It is with this mindset that I read Ebert’s memoir, knowing how much I appreciated Ebert’s work but realizing that I knew very little about the man himself.

For instance, I didn’t know the depths of Ebert’s political views before reading this book. I knew that Ebert can be demeaning to conservatives on Twitter but I didn’t realize how much of a diehard liberal he is. His father, as Ebert writes, was “militantly pro-union” and had Roger “worried when Eisenhower defeated Stevenson the second time.” Ebert adds, “He never said so, but I got the notion that the Republicans were not good people.” It’s not surprising then that Ebert eventually donated a dollar to liberal activist Tom Hayden and was handed a membership card for Students for a Democratic Society. Although I disagree with his ideology, it was interesting to see how Ebert’s partisanship took hold.

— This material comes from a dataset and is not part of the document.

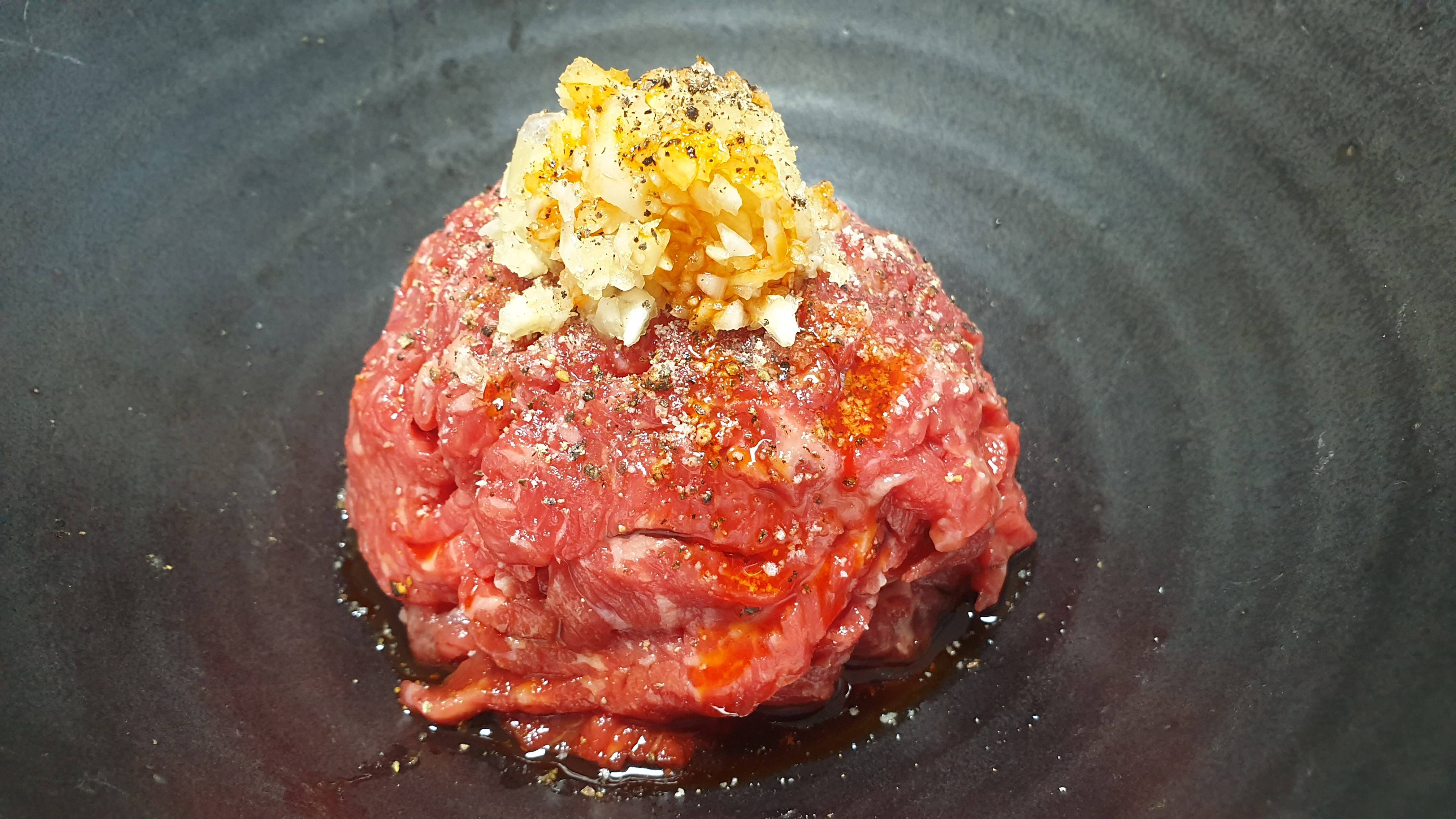 저 육회는 진간장 마늘 설탕 참기름으로 무치고 위에 고추기름 살짝 통후추 대파 흰 부분 채 썰음

However, there are plenty of other anecdotes in Ebert’s book that feel a bit tiresome. During the early chapters focused on his writing career, Ebert introduces dozens of unremarkable characters who seem to appear briefly in the narrative and then quickly disappear. Those chapters drag on for too long but eventually lead to the best part of the book: Ebert’s thoughts on film itself.

When he arrives there, Ebert finds his voice. His prose is inspired. “The best movies aren’t about what happens to the characters,” he writes. “They’re about the example that they set.” Some of his thoughts on film are controversial but contain a lot of truth in them. “Compared to the great movie stars of the past, modern actors are handicapped by the fact that their films are shot in color.” He adds, “In the long run, that will rob most of them of the immortality that was obtained even by second-tier stars of the black-and-white era.”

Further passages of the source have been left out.